There are also other features that are good, especially if you use other Google products. One such feature is Google Labs which is a series of add ons that you can use to customise your GMail such as Google Docs, Maps, Goggles and Calender. You can also add multiple or priority in-boxes and web clips which essentially puts a news or other feed on your page. It's worth noting though that some of the add ons are dependant upon the browser your using.

All these are nice touches and there are numerous ways you can customise your emails, but they are only really useful as with all things, if you need them.

Gmail is free but there are ads displayed at the top of the list of emails which is fairly unobtrusive, but can make things look a bit cluttered and at first for me when I tested it, a little confusing as I wasn't expecting it.

You get 7600 MB of space for free, but if you need more you will have to pay to upgrade so this is something to be aware of.

Gmail finally got a makeover and it rolled its new version. I personally think the new look is nice and search option is upgraded. When you open your Gmail account you will see the 'Switch to new look' option on the top of the page. So check it out.

As with any web based email client, there are pro's and con's, the biggest pro being you can access your emails on any computer, and I didnt find any con for this.


DreamMail is an email client that can deal with POP, IMAP and Web Mail accounts. It's User Interface bares a resemblance to Outlook but while its a simple layout there is a lot of functionality.

The main features are:

  • Import from Outlook Express and Foxmail
  • Customisable Templates
  • Remote Mailbox Management
  • Create a separate email storage
  • Supports multiple accounts
  • Supports POP3, APOP, SMTP, eSMTP, SASL

Another good feature is the option to create separate accounts for different users, this enables them to have their own email accounts in their profile and the ability to password protect it.

Set up is fairly straightforward, you need to copy any POP or IMAP settings across but this isn't a major problem. Adding Web Mail accounts is as easy as inputting your Web Mail address, plus your username and password.

The only downside is that it lacks the true portability of a Web Based email client, but if that's not something your worried about then this would be a good option.


Incredimail is an email client currently in version 2.0 that supports both IMAP, POP3 and Webmail accounts. The basic version is free to download and use, however additional features like animations, themes and junk filters require you to upgrade to the premium service so that is something to watch out for.

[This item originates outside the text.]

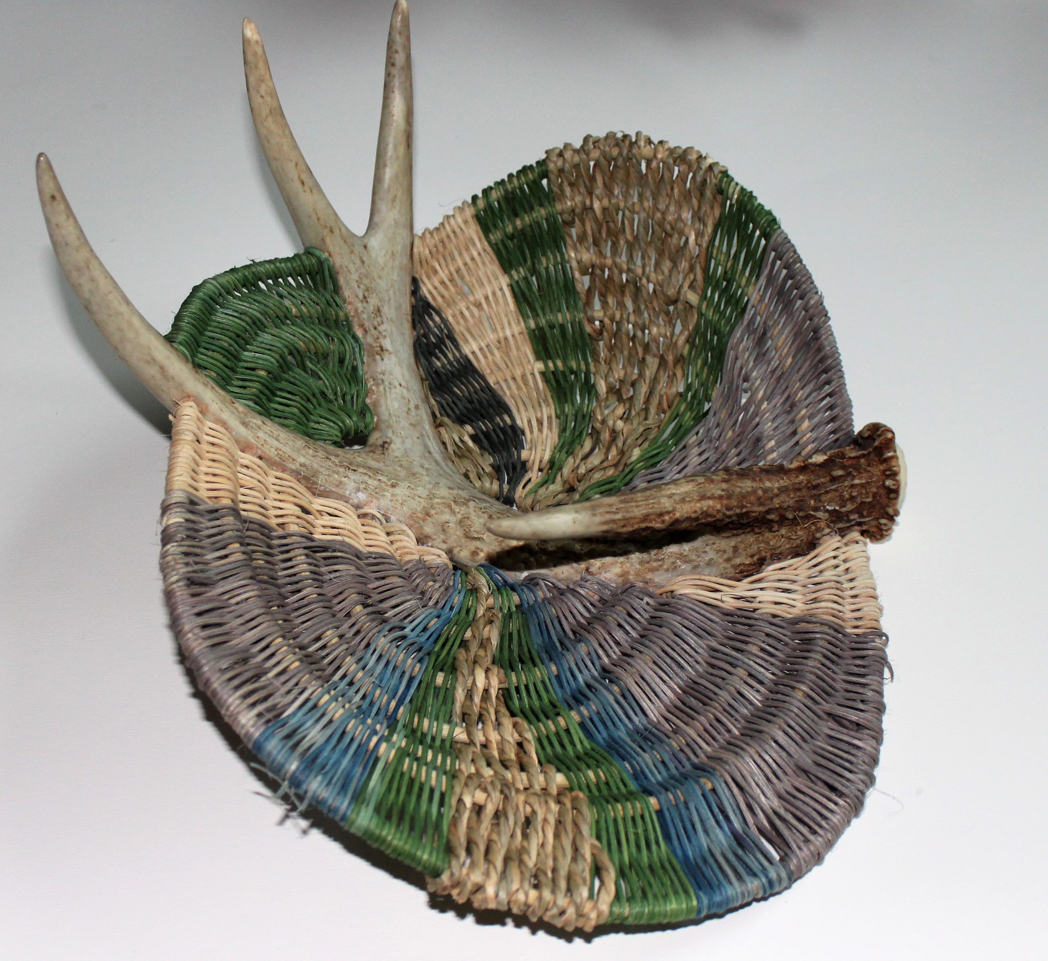 Image Statement: I learned this technique from Richard Gonzales, Iriquios Oneida Turtle Clan, he learned from an elderly Oneida member. I am harvesting shed antlers and using natural materials which I dye to document our shared history. This antler is from Kentucky; home to Cherokee,Chickasaw, and Shawnee. Reeds dyed with kudzu and other plant stains.

The user interface is well polished with basic animations that pop up when you recieve a new email or if you delete one. This is a nice touch but can get in the way, it can however be disabled.

Incredimail supports Webmail accounts for GMail, Yahoo, AOL and Windows Live Hotmail.

The initial setup was fairly painless, the software detected the settings I had for Outlook although it got one of the port numbers wrong but that was an easy fix in the settings. It also downloaded all the existing emails in my inbox and transferred them.

However you are required to select the tool-bar integration and have incredimail as your default search engine before you can proceed.

As a basic email client that can handle all of the main accounts, this is a very easy to set up and capable program, but its limited by the need to upgrade for other main features.